Radicalisme est un de ces mots, tout comme extrémiste, ce qui permet de comparer l’islam avec lui même, une composante violente et une autre qui ne l’est pas. Les 2 poses problème.
Qui impose le Hallal ? qui impose la Burqa ? qui impose le burkini ? qui impose la séparation des hommes et femmes dans le corps social ? qui est prosélyte ? qui est misogyne ? l’islam.
Arendt disait que le choix du moindre mal c’est toujours le choix du mal, l’islam n’est compatible avec aucune forme de démocratie puisque c’est avant toute chose un code civil.
La laïcité est battue en brèche, c’est une notion de droit, et nous cédons du terrain sous les coups de boutoir de l’islam qui maîtrise les arcanes juridiques.
Que faire ? simplement interdire le prosélytisme, cesser de subventionner les diverses associations qui se repaissent d’argent public à la seule fin de saper les fondements de notre démocratie et ce depuis la loi Pleven, interdire les vêtements ayant rapport avec l’islam. affirmer que la France n’est pas une terre d’islam, point.
Toutes vos envolées lyrique finissent par user (ici pas de ad personam, le vous est un nous), regardez où nous en sommes, auriez vous prétention à être la seule personne éclairée ? je ne le pense pas…
Il y a un problème, il est planétaire, il a pour nom l’islam.
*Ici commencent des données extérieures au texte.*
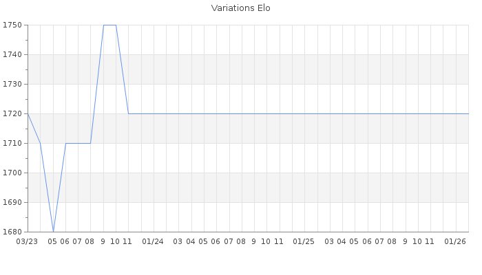 Date d'inscription : 12/12/10. Donateur pour EchecsEmail : Non ( Cliquez ici pour soutenir EchecsEmail. ) Elo non arrondi:1688.7 ( 311 sur 459 joueurs ) Nombre de victoires :116 Nombre de nulles :36 Nombre de défaites :75 Temps de réponse moyen par coup : 0J 16H 6M 46S ( Moyenne sur 0 coups ). Rd ( Un petit rd indique un elo fiable ) : 102 Elo maximum atteint ( en étant classé ) :2030 Elo maximum atteint cette année :0 Nombre coups joués : 5677 Classement coupe : Inactif Points coupe : 0 Classement Coupe Magic Chess : Inactif Points Coupe Magic Chess : 0 Tournoi échelle : Tournois gagnés : 01/04/2023 : Cat 2 : Victoire dans le tournoi n°24697 21/02/2023 : Cat 2 : Victoire dans le tournoi n°24611 19/01/2023 : Cat 1 : Victoire dans le tournoi n°24476 18/01/2020 : Cat 3 : Victoire dans le tournoi n°20297 05/01/2020 : Cat 3 : Victoire dans le tournoi n°20520 08/10/2019 : Cat 2 : Victoire dans le tournoi n°20156 11/09/2019 : Cat 2 : Victoire dans le tournoi n°19849 20/04/2018 : Cat 2 : Victoire dans le tournoi n°17925 19/03/2018 : Cat 1 : Victoire dans le tournoi n°17803 05/03/2018 : Cat 1 : Victoire dans le tournoi n°17639 28/01/2018 : Cat 1 : Victoire dans le tournoi n°17437 05/01/2014 : Cat 3 : Victoire dans le tournoi n°14161 31/05/2013 : Cat 4 : Victoire dans le tournoi n°12307 05/04/2013 : Cat 3 : Victoire dans le tournoi n°11778 09/01/2013 : Cat 3 : Victoire dans le tournoi n°11236 18/07/2011 : Cat 3 : Victoire dans le tournoi n°8685 13/01/2011 : Cat 0 : Victoire dans le tournoi n°8118 Nombre de tournois gagnés :17

Les français comprennent parfaitement et ne mélange pas tous les registres, ils en ont marre, et à force de palabres vous aurez une guerre civile.
Un pays, comme une civilisation, lorsqu’il ne se défend pas, lorsqu’il ne se protège pas, lorsqu’il ne s’affirme pas, disparaît.
Pour ma part, entre fukuyama et Huntington, mon choix est fait.